Identifying where their product is needed the most will be key for not only the improvement in quality of life for many people across the country but also the company’s profit.

GIS Project Summary

Create a map that identifies Legionnaire’s Disease hotspots over the last two years. - This will serve as a baseline. - To better substantiate how LD is an environmental justice issue, include census tract racial demographic data as a feature layer, to show which groups are likely experiencing outbreaks more often. Create a spreadsheet with outbreak locations that the team can constantly update and geocode into the map. - Teach team members how to update map (if time allows it)

Workplan

Data Collection

Map Creation

Felt Map

Felt was a great alternative to use, and in realizing how intuitive the platform is, I do think that the IDEXX Regulatory Affairs team could find such a map incredibly useful. It was incredibly easy to add a US Counties layer, and customizing the map to make it as simple as possible was also quite the easy feat. The most difficult, or time-consuming, task of this project actually happened in the data collection phase given the lack of centraliziation on Legionnaire’s Disease outbreaks. I spent significantly more time on this than I had anticipated, which you can see below:

Deliverables & Pricing Original Estimate

The initial “RFP” stated that I would spend three hours ($300) on data collection, when in truth, I spent nearly 11 hours on that portion alone. The map creation on Felt and ArcGIS took less time than that portion alone. When you check my process log, you can see that I actually spend almost 11 hours on data collection alone, and the map and Github write-up portion was the final bit of work at about seven additional hours. In total, if I had stuck to this pricing outline, I would have been significantly underpaid, and much of the mapping work, which was the deliverable, would have happened beyond what I had initially billed IDEXX.

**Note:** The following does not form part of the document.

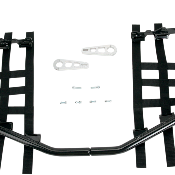 Caracteristicas: Manufactured from lightweight 1-1/4" extruded aluminum tubing Custom EZ-fit clamp brackets with silver anodized finish Wide 1-1/2" black webbing with beefy aluminum net tabs Sweep up from front to the rear for maximum ground clearance Maximum width of 50" to comply with ATVA rules Allows the use of OEM heel plate/fender extensions

The excel with the data can be seen here: Excel Screenshot

Most of the data was collected from the HC info site that keeps an udpated; however, for each outbreak, I then had to corroborate the short blurbs with greater detail to pinpoint the location of the outbreak. In terms of IDEXX continuing this work, as long they are able to at least upkeep county level data in a running spreadsheet, all their team would have to do is upload that sheet to Felt, which intuitively handles the rest. As they go before state level goverment to lobby for better legionella pneumophila testing as a means of overcoming environmental injustce, they can continue to look at the corellation between outbreak incidence and racial demographics be simply looking up county census data.

ArcGIS Map with Hot Spot Analysis

In realizing that some of the more advanced tools needed to analyze the data were not available on Felt just yet, I still wanted to upload the data into ArcGIS to use the Hot Spot Analysis tool. Given the widespread occurance of the disease, each outbreak showed as a “hot spot,” which was to be expected, but the areas in between did not even fall into confidence intervals to be considered “cold spots.”